Developers in the midst of a building boom put the city on pace for record spending on lobbyists to influence Los Angeles city council members, commissioners and city staffers.
In the first three months of this year, businesses of all kinds seeking support for their projects spent $13.5 million on lobbying, according to a new report from the city Ethics Commission. Nearly half the money was concentrated among ten lobbying firms.
The ethics commission analysis of the top-spending ten clients shows nine of them spent a collective $1.4 million on lobbyists to contact city officials about building projects. Clear Channel, a billboard company, spent $155,000 to round out the top ten.
The disclosures published on the commission's website do not list which council member, commissioner or staffer spoke with lobbyists.

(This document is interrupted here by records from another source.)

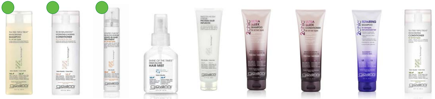
Champú 250ml Balanced conditioner 250ml Leave-in 150ml Hair mist 127ml Smooth protein 150ml Sleek champú 250ml Sleek acondicionador 250ml Repairing champú 250ml Acondicionador 250ml

Establecidos en Verona, Italia, e inspirados por las características de la propia ciudad, surgió en 2017 DIVINA BLK.
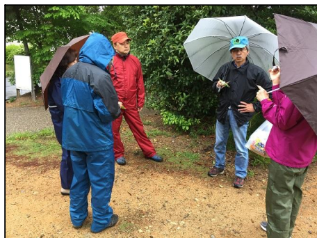
新しいアクティビティ、「音日記」を体験。
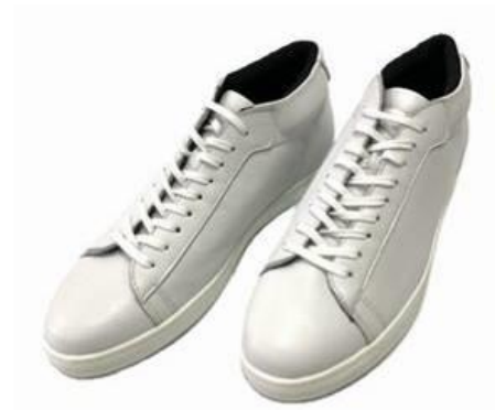
アリスト「レザーシューナー」
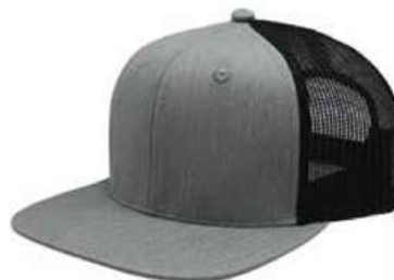
HEATHER GREY BLACK
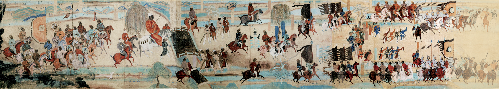
莫高窟第156窟,张议潮统军出行图,晚唐。 段文杰 整理临摹

The development projects are as diverse as the two-tower Palladium Residences in Hollywood approved by the city council in March to a new stadium for a Major League Soccer stadium at Exposition Park.
Though spending on lobbying was brisk in the first three months of the year, it wasn't a quarterly record. That was set in the last quarter of 2015, when businesses spent $14 million. If spending comparable to the first quarter of 2016 continues, the annual total could top $54 million, a half-million dollars more than last year's total.
A company known as CRE-HAR Crossroads SPV LLC was the biggest spender in the first quarter of 2016, putting $220,660 into lobbying services in pursuit of approval of a hotel, shops, homes and offices surrounding the famous Crossroads of the World shops in Hollywood.
Billboards among top spenders
The billboard company Clear Channel Outdoor/ iHeartMedia inc. was fifth among the top ten spenders in the first quarter, putting nearly $155,000 into lobbying for digital signage and billboards.
A citywide sign ordinance has been working its way through the Los Angeles legislative process for years. The Citywide Planning Commission recommended a version last year that would limit most signs to special districts and would enforce city rules against hundreds of signs that have no city permits. The ordinance is pending before the city council's Planning and Land Use Management Committee. Recently, the state Supreme Court upheld the city's ban on new digital billboards, upping the pressure on sign advocates to get the city council to approve a new ordinance that permits them.
Billboard companies collectively spent about $279,000 on lobbying in the first quarter of 2016, however other businesses seeking to influence the direction and content of a citywide sign ordinance also hired lobbyists.
Overall spending on billboard-related lobbying ran to about $545,000, according to disclosures filed by the lobbyists. The actual amount spent on lobbying on the sign ordinance could be more because the Los Angeles City Ethics Commission rules permit fairly broad descriptions of the topics lobbyists raise with the city officials they meet.